Adult Books by Black Authors

These are a mix of fiction and nonfiction, short story collections and novels, old favorites and new favorites. Have you read any? What would you recommend to me if I loved these books?

The Office of Historical Corrections by Danielle Evans

The cover of this book hooked me first. I saw it posted all over #bookstagram. The title piqued my curiosity too, but when I actually read it, it blew me away.

I’ve been on a short story kick for the past year, but this collection is the best of the best. The plots are unique and engaging, the characters are too real, and the topics are timely. I keep thinking about these characters and stories and will probably have to re-read the whole collection soon. I can’t recommend this one enough.

The Broke Diaries by Angela Nissel

I worked as a library page in high school. One shift I was “reading” the nonfiction section and this title caught my eye. I have to admit, I started reading it right then on the clock and then checked it out and took it home with me.

At the time, I was envious of Nissel. Not because she was broke - I was too! But how she had so much humor about it, and such an engaging writing style. I remember taking the book to school and showing the girls in my math class and they passed it around and laughed at the entries.

I actually bought the exact copy I first found, years later after the library discarded it. It’s been on my shelf since, and I read Mixed too, but The Broke Diaries remained my favorite.
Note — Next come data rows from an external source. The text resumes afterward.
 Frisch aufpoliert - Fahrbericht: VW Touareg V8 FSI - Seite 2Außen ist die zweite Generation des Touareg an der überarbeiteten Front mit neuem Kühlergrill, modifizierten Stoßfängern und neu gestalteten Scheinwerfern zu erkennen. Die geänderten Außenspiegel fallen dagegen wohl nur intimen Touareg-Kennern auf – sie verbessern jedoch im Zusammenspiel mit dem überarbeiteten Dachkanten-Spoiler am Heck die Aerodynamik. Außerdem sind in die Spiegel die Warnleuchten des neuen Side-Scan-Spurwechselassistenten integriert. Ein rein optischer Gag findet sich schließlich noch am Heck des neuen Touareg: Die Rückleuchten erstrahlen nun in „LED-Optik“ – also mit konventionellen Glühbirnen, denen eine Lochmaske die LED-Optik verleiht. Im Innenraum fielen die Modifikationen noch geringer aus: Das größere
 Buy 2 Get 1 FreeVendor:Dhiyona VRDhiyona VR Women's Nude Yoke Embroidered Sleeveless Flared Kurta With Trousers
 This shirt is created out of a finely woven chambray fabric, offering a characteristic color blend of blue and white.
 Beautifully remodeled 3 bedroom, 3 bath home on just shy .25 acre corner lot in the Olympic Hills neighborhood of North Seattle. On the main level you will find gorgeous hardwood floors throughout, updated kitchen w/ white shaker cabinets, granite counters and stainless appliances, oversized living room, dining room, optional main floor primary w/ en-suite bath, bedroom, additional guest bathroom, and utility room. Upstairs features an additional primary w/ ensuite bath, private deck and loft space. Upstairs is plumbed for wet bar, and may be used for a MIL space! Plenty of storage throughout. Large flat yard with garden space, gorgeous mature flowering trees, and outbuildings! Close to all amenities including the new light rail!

I wanted some humor in my life after all of...this, and I can’t believe that the book still cracks me up so much. Like laughing out loud reading on my front porch, because now it’s in the 60s after last week’s ice and snow. But I digress. This book is hilarious and makes me miss the 2008ish period of blogging because that’s exactly how it reads now, even though it was written way before then. You should read this. Then let’s laugh about it together.
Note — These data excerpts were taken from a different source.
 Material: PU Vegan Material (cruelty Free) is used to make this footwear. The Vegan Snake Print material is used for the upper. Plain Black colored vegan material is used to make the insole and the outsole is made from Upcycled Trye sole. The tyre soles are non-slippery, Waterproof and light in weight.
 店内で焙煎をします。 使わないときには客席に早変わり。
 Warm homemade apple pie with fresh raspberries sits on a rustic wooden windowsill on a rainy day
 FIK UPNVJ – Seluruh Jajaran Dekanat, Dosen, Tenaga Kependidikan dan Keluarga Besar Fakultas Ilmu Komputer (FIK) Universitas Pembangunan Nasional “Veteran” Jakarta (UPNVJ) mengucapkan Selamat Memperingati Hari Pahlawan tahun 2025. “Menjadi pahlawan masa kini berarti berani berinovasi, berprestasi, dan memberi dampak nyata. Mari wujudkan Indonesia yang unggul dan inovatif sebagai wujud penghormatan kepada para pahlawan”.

Just to note, if you don’t believe me about Nissel’s humor: she’s been a writer on Scrubs, the Boondocks, and Mixed-ish.

Luster by Raven Leilani

I really really enjoyed this book, but it’s so hard for me to get my thoughts together about it. There’s something that is just so raw yet so guarded, with wonderful language that really sets the pacing. I loved the run-on sentences and how the story was broken into vignettes. I loved how the book made me experience something new, while also feeling understood. It’s a truly unique book that deserves that attention it’s getting.
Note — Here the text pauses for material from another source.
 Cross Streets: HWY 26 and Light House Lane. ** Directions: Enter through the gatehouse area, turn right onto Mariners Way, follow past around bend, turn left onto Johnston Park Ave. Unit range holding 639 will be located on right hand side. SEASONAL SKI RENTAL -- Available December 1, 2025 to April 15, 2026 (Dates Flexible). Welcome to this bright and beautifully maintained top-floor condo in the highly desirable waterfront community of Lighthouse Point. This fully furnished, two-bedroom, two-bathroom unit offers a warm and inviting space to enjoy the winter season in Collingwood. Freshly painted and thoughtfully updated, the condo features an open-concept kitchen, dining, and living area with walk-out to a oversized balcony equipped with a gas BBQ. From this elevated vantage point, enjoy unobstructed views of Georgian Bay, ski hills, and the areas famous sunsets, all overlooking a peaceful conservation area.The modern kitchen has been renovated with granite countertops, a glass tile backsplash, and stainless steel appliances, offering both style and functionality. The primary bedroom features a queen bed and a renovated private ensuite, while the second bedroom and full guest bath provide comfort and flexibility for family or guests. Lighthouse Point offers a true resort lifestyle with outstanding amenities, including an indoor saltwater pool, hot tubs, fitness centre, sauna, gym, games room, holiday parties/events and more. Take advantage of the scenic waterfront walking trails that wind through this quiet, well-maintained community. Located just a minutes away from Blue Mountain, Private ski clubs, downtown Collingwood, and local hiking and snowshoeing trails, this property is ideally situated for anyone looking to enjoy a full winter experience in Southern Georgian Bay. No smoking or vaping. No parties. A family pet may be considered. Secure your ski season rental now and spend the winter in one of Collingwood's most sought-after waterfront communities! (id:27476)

The Vanishing Half by Brit Bennett

This book totally lives up to the hype. I absolutely loved the story itself, but Bennett’s writing is so seamless that you get sucked in completely, and then a beautiful, profound line will stop you in your tracks.

The Incredible Shrinking Woman by Athena Dixon

This essay collection is amazing. You can tell Athena Dixon has a background in poetry because the language is so beautiful, while still being so raw and matter-of-fact. So many of these pieces made me feel seen and understood. I know this is a collection I’ll come back to time and time again. The essays are honest and powerful and emotional and poetic, all wrapped up in this gorgeous package. If you haven’t gotten your hands on this one, you need to. Now.

The Secret Lives of Church Ladies by Deesha Philyaw

Deesha Philyaw read part of “Peach Cobbler” at an event I attended years long ago and I was hooked from the first line: “My mother’s peach cobbler was so good, it made God himself cheat on his wife.”

I couldn’t wait to get my hands on this collection, and once I got it I was torn between racing to finish it and wanting to drag it out so I’d have longer with these multi-layered characters. I can’t pick a favorite from this collection because they’re all that. damn. good. I’ve been recommending it to everyone I know, and that includes you. It’s the perfect mix of gossip, drama, and breathtaking storytelling you need in your life.

I usually try to not re-read a book until a year after my last reading, but this is one I’ll be coming back to more often than that. I can’t stop thinking about it and I want more.